Agnes had to be shifted next day to a good hospital in Bhubaneswar for proper treatment. Fortunately the conference organizers along with her compatriots lent her sufficient money to cover the medical expenses. However, to add to her woe, several of her injuries had turned septic. She spent nearly three months in the hospital before she could get her strength back and walk.
Neelketu noticed that her beautiful eyes had welled up. He touched her arm gently. He felt an urge to comfort her. Agnes put her head on his shoulder and sobbed silently. After a while, they started walking hand in hand. There was a huge crowd in front of the Trevy Fountain. The exquisitely sculptured marble structure poured out crystal clear water causing a blue-green pool to form in front. There was gaiety all around. Young girls and boys had gone down the steps wishing to feel the life giving water.
Neelketu too went down few steps and beckoned Agnes to follow suit. She involuntarily moved a bit forward but then stopped immediately. She shook her head. His gaze instinctively got directed at her feet.
`Oh God! You don’t mean to say… ’, he had to abruptly break his sentence. There was a lump in his throat.

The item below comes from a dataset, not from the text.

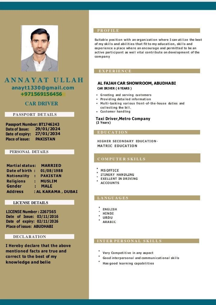 I am a professional driver with 8 years of experience in the UAE, skilled in safe driving, route planning, and customer service. Fluent in English, Arabic, Urdu, and Hindi

There was no sadness in her eyes then. She smiled and murmured, `Yes, Neel. Jaipur Foot.’
He walked up to her and put his right arm around her shoulders. He observed that some of the tourists were throwing coins into the water and making wishes. Neelketu pulled out his wallet and took out a coin. He stared at Agnes with great affection. She appeared serene and lovely, with a radiant forehead.
A courageous and beautiful warrior, he mused. Closing his eyes, he tossed the coin into the blue water below.